The clamping of the inevitable strait-jacket, rhymed verse, upon the shrinking form of poetry has been the pastime of centuries. Those who would free poetry from the outworn metal bands and let her stretch her cramped limbs are labeled decadent, slothful, and futile. How easy it is to paste disagreeable labels upon the things one happens to dislike.

I admit that poetry freed from the bonds she has so long worn may become vulgar and over-demonstrative. A convict who has just been released from a penitentiary is perhaps inclined to caper down the road, and split the air with good red shouts. But after his first excesses he walks slowly, thinking of the way before him. With some poets free verse is still the boisterous convict; with others it is already the sober, determined individual. But I rather like even the laughing convict, looking back and flinging huge shouts at his imposing but petty prison.

Suppose I were a Bluebeard who had enticed a young girl into my dim chamber of poetic-thought. Suppose I took the little knife of rhyme and coolly sliced off one of her ears, two or three of her fingers, and finished by clawing out a generous handful of her shimmering, myriad-tinted hair, with the hands of meter. I might afterwards display her to the world, saying: “Look! Is she not still beautiful, still almost perfect?” But would that excuse my butchery? The lesson is perhaps fairly clear. Rhymed verse mutilates and cramps poetry. It is impossible for even the greatest poet completely to rise above its limitations. He may succeed in a measure, but that is due to his strength and not to the useless fetters he wears. But, say the defenders of the fetters, rhyme and meter are excellent disciplines. Does Poetry or does the Poet need to be disciplined? Are they cringing slaves who cannot be trusted to walk alone and unbound? These are obvious things, but one must sometimes be obvious when speaking to those who still possess a childish belief. Poetry is not determined by the monotonous form in which it is usually clothed, but by the strength or weakness of its voice. Because men have foolishly placed this voice in the mouth of a child, wearing a dress with so many checks on it, and a hat the blackness of which matches the ebony of its ugly shoes, it does not necessarily follow that the voice becomes miraculously changed when placed in some other mouth, whose owner wears a different garb. Then there is the rhythm difficulty. If the little child, Rhyme and Meter, does not swing his foot in time to what he is saying, adding rhythm, his words, according to some, change from poetry to prose. What delightful superstitions!
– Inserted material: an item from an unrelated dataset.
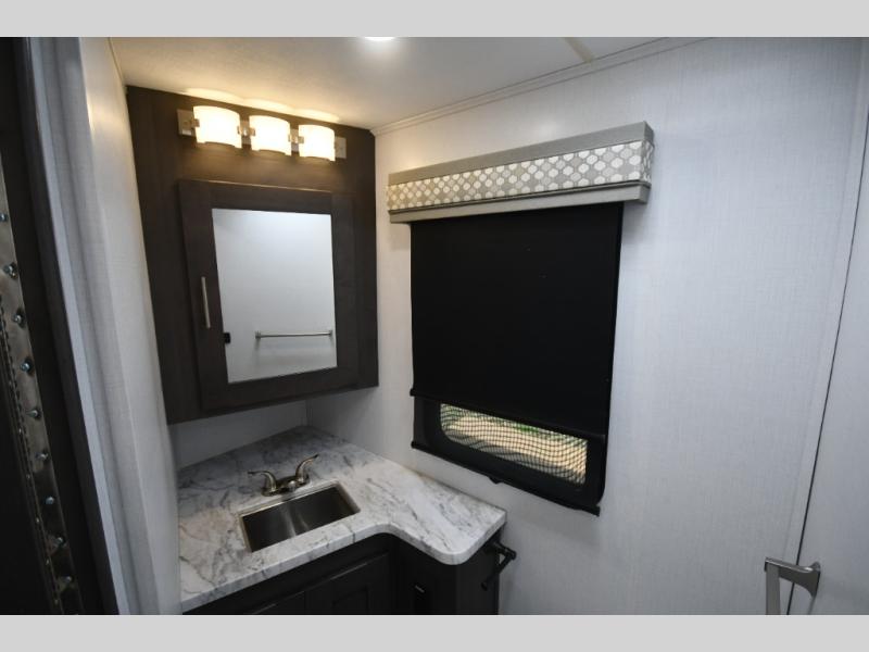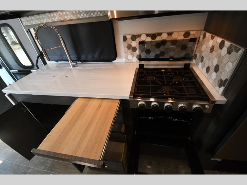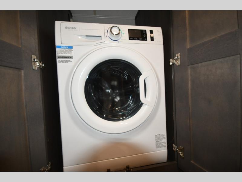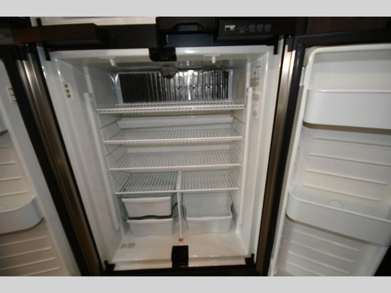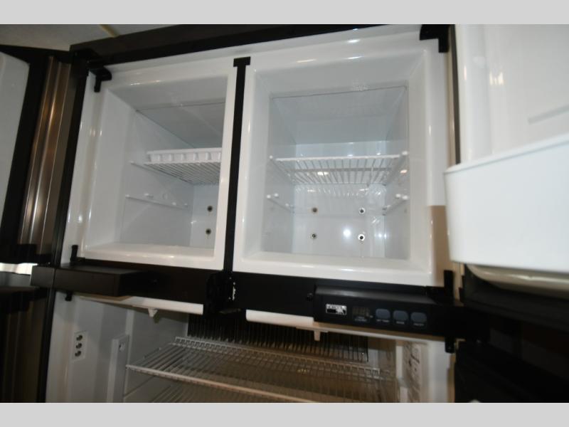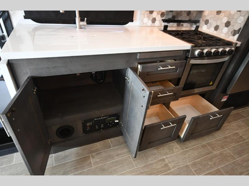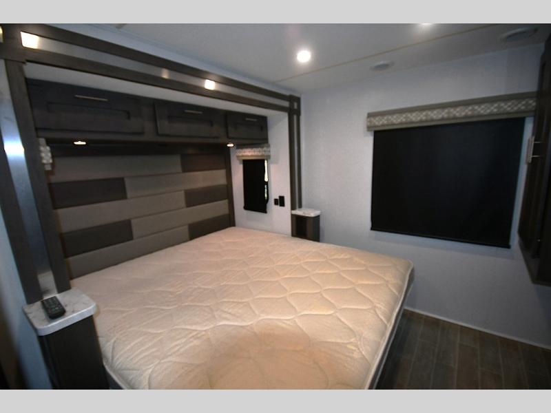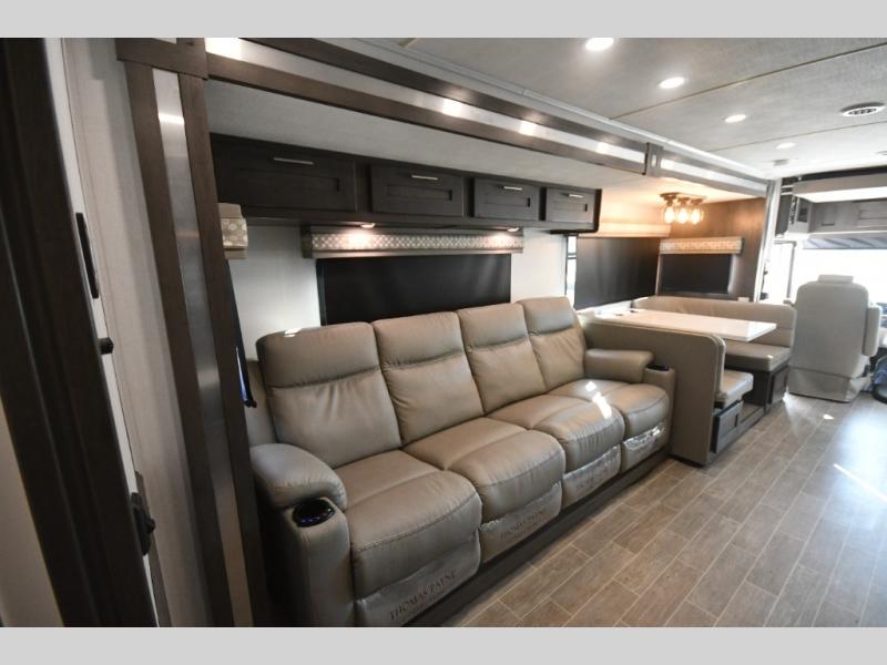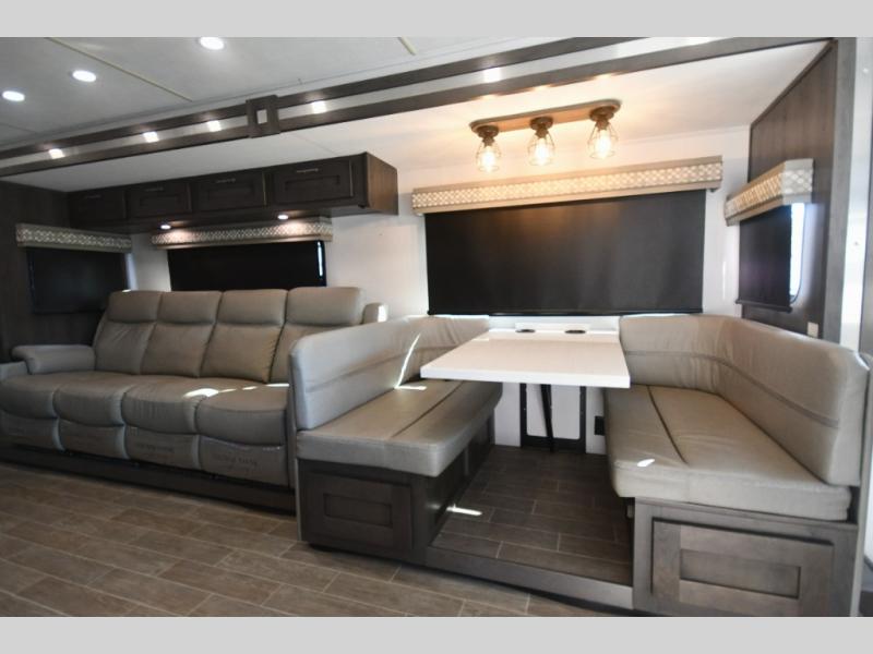 Step inside and you’re welcomed by upscale finishes and a thoughtfully designed living space that feels more like a high-end condo than an RV. Plush seating, modern cabinetry, and expansive windows create a bright, open atmosphere ideal for relaxing or entertaining.

Poets can undoubtedly rise to great heights, in spite of the fact that they must replace stronger words with weaker ones, because “passion” does not rhyme with “above,” but “love” does. But how much higher could they rise if they were free? I do not say that to eliminate rhyme, meter, and rhythm is to make the way absolutely clear. The Poet must still be a Poet to climb. Nor do I say that if the Poet finds that rhyme, rhythm, and meter happen almost to fit his poetic thoughts, he must not use them. I only say that the poet who finds that the usual forms of poetry confine and mar his poetic thoughts should be able to discard them without receiving the usual chorus of sneers, and that if he does he is not miraculously changed from a poet to a writer of prose.